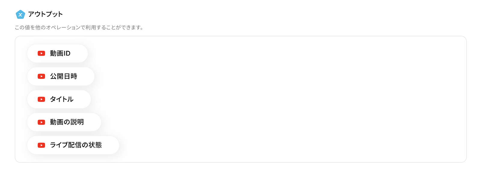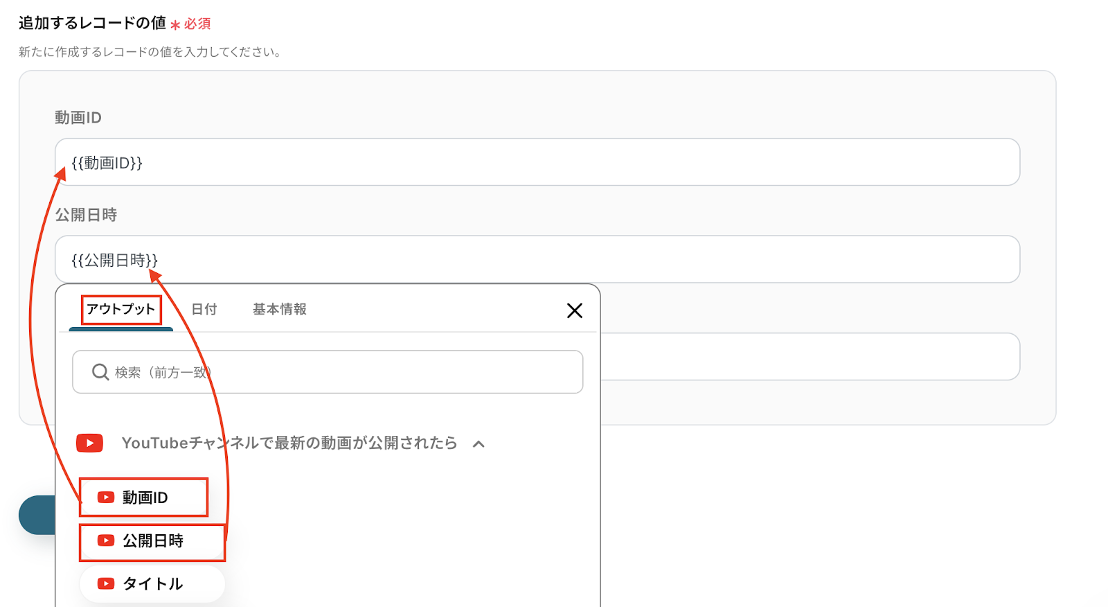 各項目に、YouTubeのトリガーで取得したアウトプットを選択しましょう。
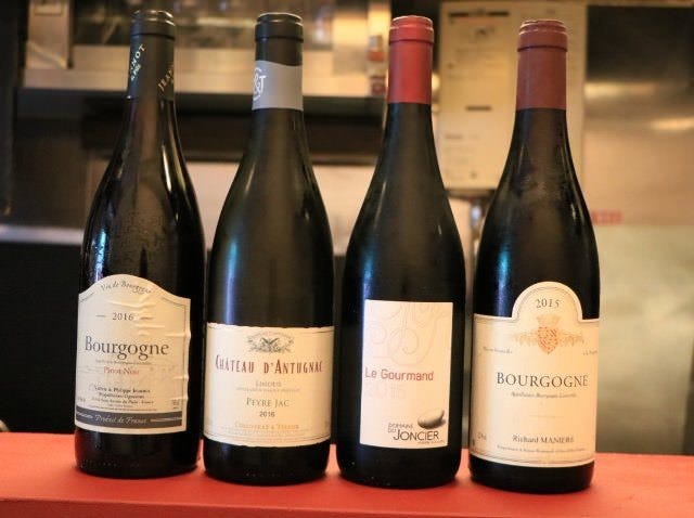 ワインは、ブルゴーニュなどフランスワインを中心にオンリスト。グラスワインは常時5~6種類用意があるので、料理とあわせていろいろ試してみて。
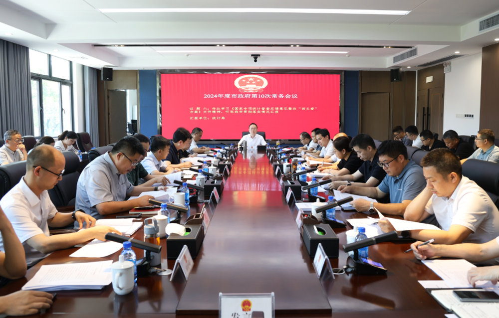 7月30日,市委副书记、市长彭子晟主持召开2024年度市政府第10次常务会议,传达学习党的二十届三中全会精神、习近平总书记重要讲话重要指示批示精神及上级相关会议和文件精神,听取有关工作情况汇报,安排部署下阶段工作。
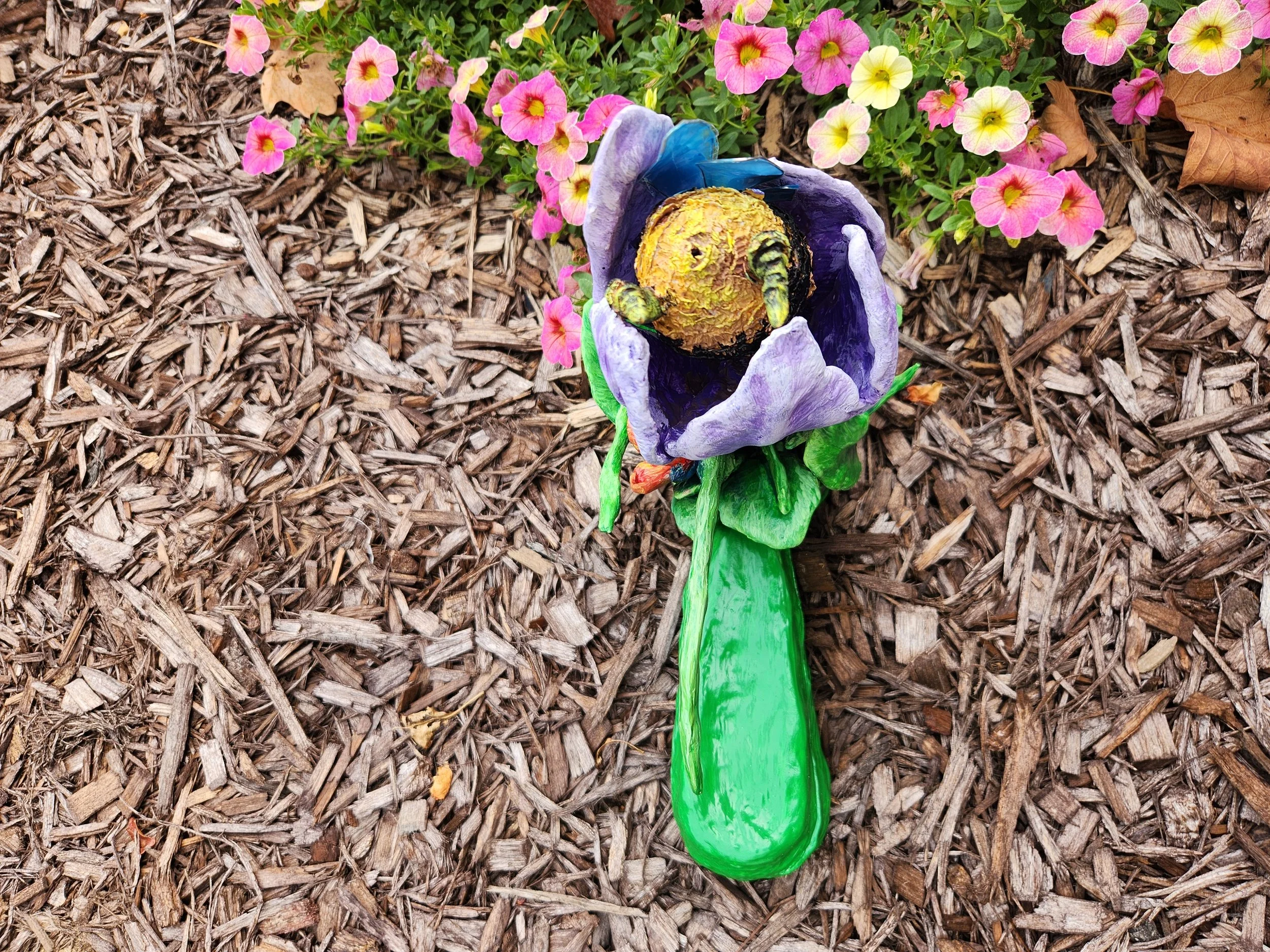 Made from clay with metal for support, a bee rests on a flower during its daily tasks.
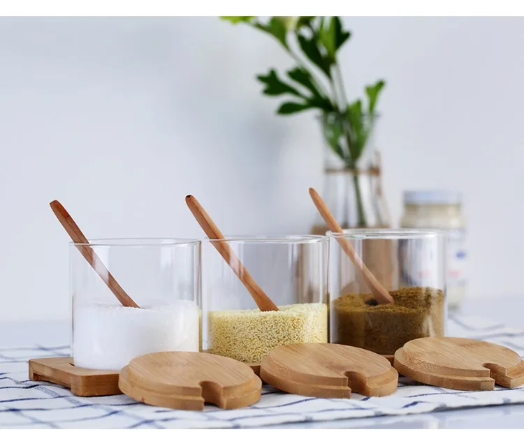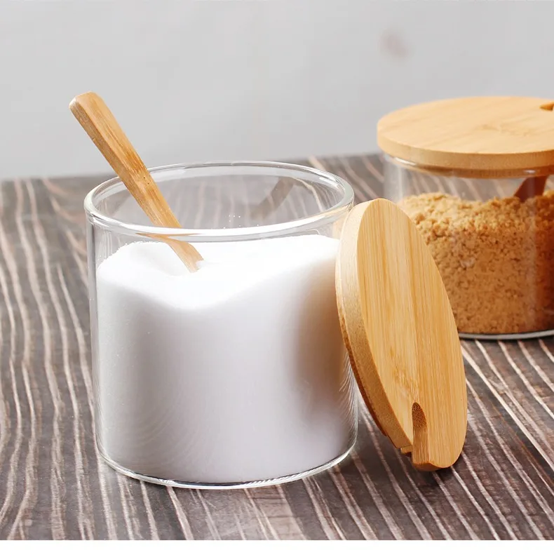 Europejski styl kuchnia szklany zestaw słoików na przyprawy sól cukrowa przyprawa słoik z drewnianą łyżeczka w pokrywce przyprawa narzędzie pojemnik na przyprawy
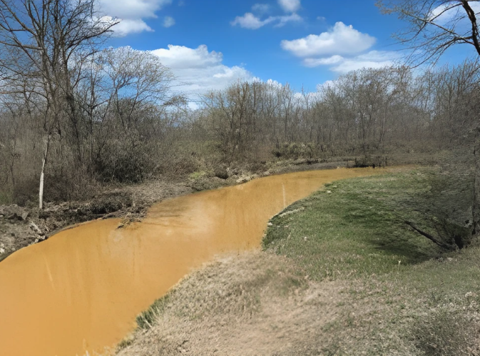 Brown, murky water flowing at the South Branch of Lizard Creek in Fort Dodge
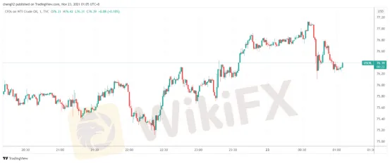 受到双方博弈影响,美油周一涨幅一度接近2%,但随着白宫即将宣布联合抛储计划的消息传出,涨幅回落至1%附近。
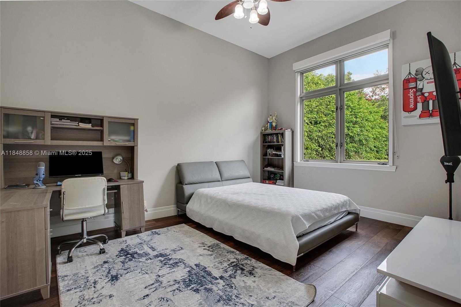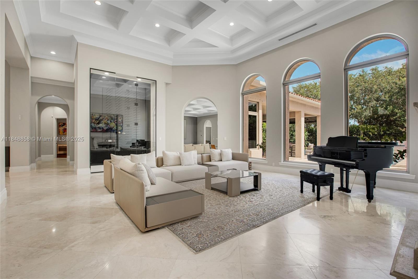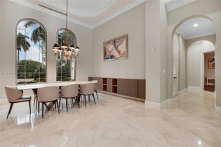Exquisite Estate in Prestigious Saddle Club Estates.Tastefully decorated 5bed/5.5bath custom home boasts 5179' living space w/elegant finishes & upgrades.Oversized master suite w/2 closets, spa-like tub&shower. 16' coffered ceilings, open layout featuring 2 living areas, marble&wood floors, custom walk-in closets&built-ins, huge gourmet kitchen w/Miele and Subzero, 2021 roof, 3 AC, impact windows&doors,3 car garage w/EV charger, full house generator.Specious front yard w grand palms and large back yard w/heated saltwater pool and child gate, full outdoor kitchen w/pergola, multiple fruit trees.This home provides privacy and serenity while being conveniently close to top-rated schools, shopping and recreation w/ access to Bonaventure Town Center Club. Come experience it in person!
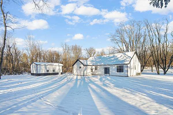 Custom, newly-constructed ranch on 2.61 wooded acres with a 32'x24' pole barn! Immersed in nature, enjoy your morning coffee on the covered front porch before stepping into the stunning, open-concept living room, where you'll love cozying up next to a good book or binging a series next to the fireplace this winter! Durable, top-grade luxury plank vinyl floors flow throughout; from the adjacent dining area (walks out to 14'x12' patio overlooking backyard) to the gorgeous kitchen, boasting a walk-in pantry, all stainless appliances, quartz countertops and ample counter + cabinet space! The charming master suite features a 9'x8' walk-in closet, as well as a 3/4 bath en suite with porcelain-tiled walk-in shower & double vanity! Two additional (spacious) bedrooms, a full guest bath, laundry room (cute built-in bench) & half bath round out your main living area, while the full basement begs to be finished, pre-insulated with high ceilings, though it currently offers tons of storage space and could make for a great home gym or play area! The attached 3-car (deep) garage is insulated/drywalled with a workshop + 8 ft doors (measuring 34.5'x23.5) and the Cleary pole barn is PLENTY big enough to house all your toys, thanks to the jackshaft opener and 12ft interior ceiling (suitable for a car lift). Host friends for cookouts & bonfires this summer in your private backyard retreat -- quiet and secluded yet offers easy access to Route 30, making the commute to downtown Valpo a breeze! Additional features include a Presby wastewater treatment (septic) system, premium gutters with gutter guards + buried downspouts, an 8-camera wired security system & much more! Affordable utilities, low taxes and NO HOA. Schedule a showing today to check out this one-of-a-kind gem!
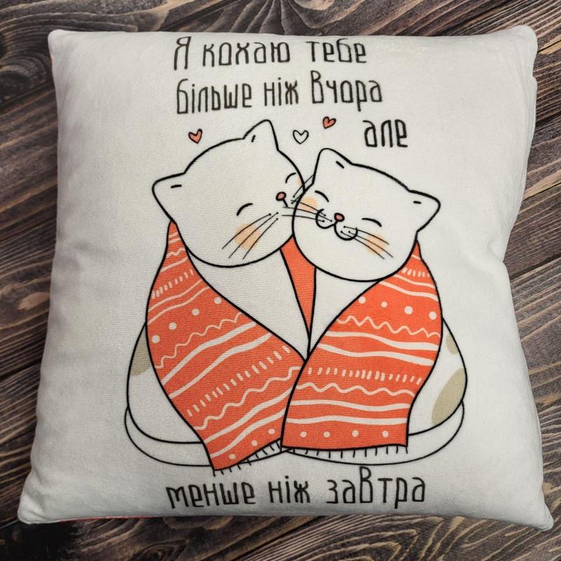 Подушка з малюнком "я кохаю тебе", червоний низ
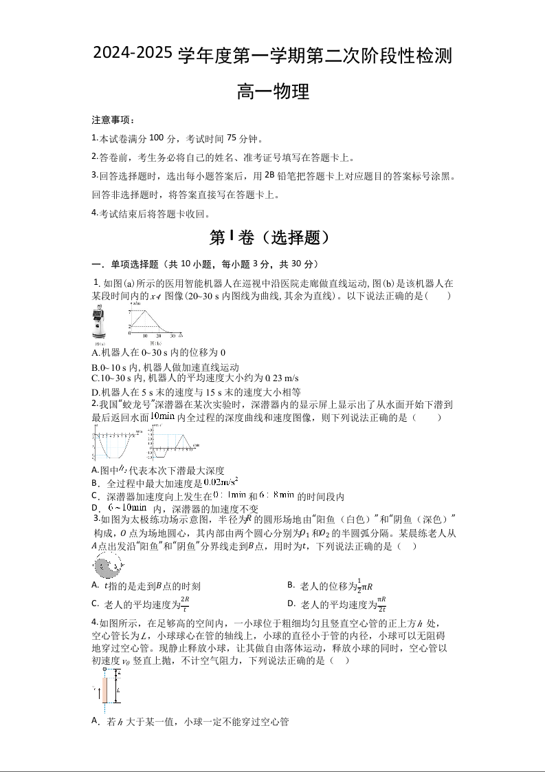 陕西省西安市部分学校联考2024-2025学年高一上学期11月期中考试物理+答案
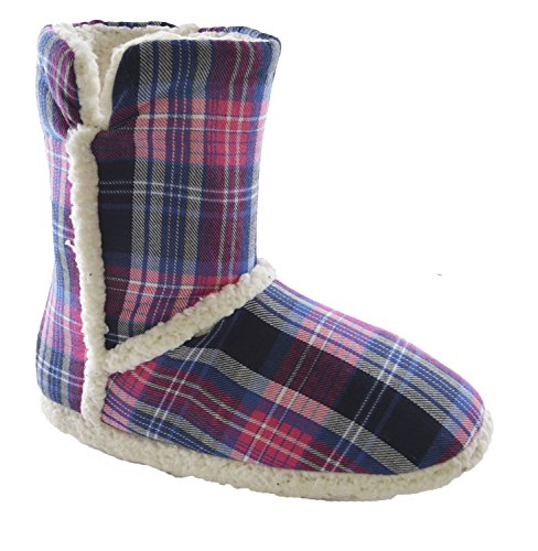 Ladies SlumberzzZ Plaid Tartan Boot Style Slippers
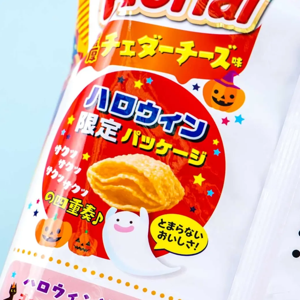 - A Halloween-themed bag of corn snacks coated in thick cheddar cheese powder
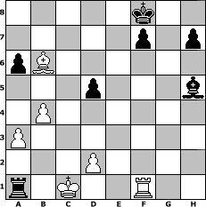 game notation in PGN-format [Event "Spa"] [Site "www.myChess.de"] [Date "2010.02.08"] [Round "1"] [White "Knight"] [Black "Master1"] [ECO "D00"] [WhitemyELO "1151"] [BlackmyELO "1191"] [Result "0-1"] [TimeControl "10/2592000"] [WhiteDays "30"] [BlackDays "30"] [MyChessNo "63193"] 1. d4 d5 2. e4 dxe4 3. Nc3 Nf6 4. f3 exf3 5. Qxf3 e6 6. Be3 Bb4 7. Nge2 Nc6 8. O-O-O O-O 9. a3 Bxc3 10. Nxc3 a6 11. d5 exd5 12. Nxd5 Bg4 13. Nxf6+ Qxf6 14. Qxf6 gxf6 15. Re1 Rae8 16. Bd3 Ne5 17. h3 Nxd3+ 18. cxd3 Bf5 19. d4 Be4 20. Rhg1 c6 21. g4 Kg7 22. h4 b6 23. g5 Bg6 24. gxf6+ Kxf6 25. Bg5+ Kg7 26. Rxe8 Rxe8 27. h5 Bxh5 28. Bh4+ Kf8 29. b4 Re4 30. Bf2 Re2 31. Rf1 Ra2 32. d5 cxd5 33. Bxb6 Ra1+ 0-1 position notation in FEN-format 5k2/5p1p/pB6/3p3b/1P6/P7/3P4/r1K2R2 - - - 1 34 Captured white pieces: Captured black pieces: Click on a captured piece in order to display the desired move!

■ YOUR TASK
Each line from the one that contains "Ladies SlumberzzZ Plaid" down to the one that contains "- A Halloween-themed" is to be returned exactly as it stands above, both ends included, with pictures removed.

■ EXERCISE ANSWER
 Ladies SlumberzzZ Plaid Tartan Boot Style Slippers
 - A Halloween-themed bag of corn snacks coated in thick cheddar cheese powder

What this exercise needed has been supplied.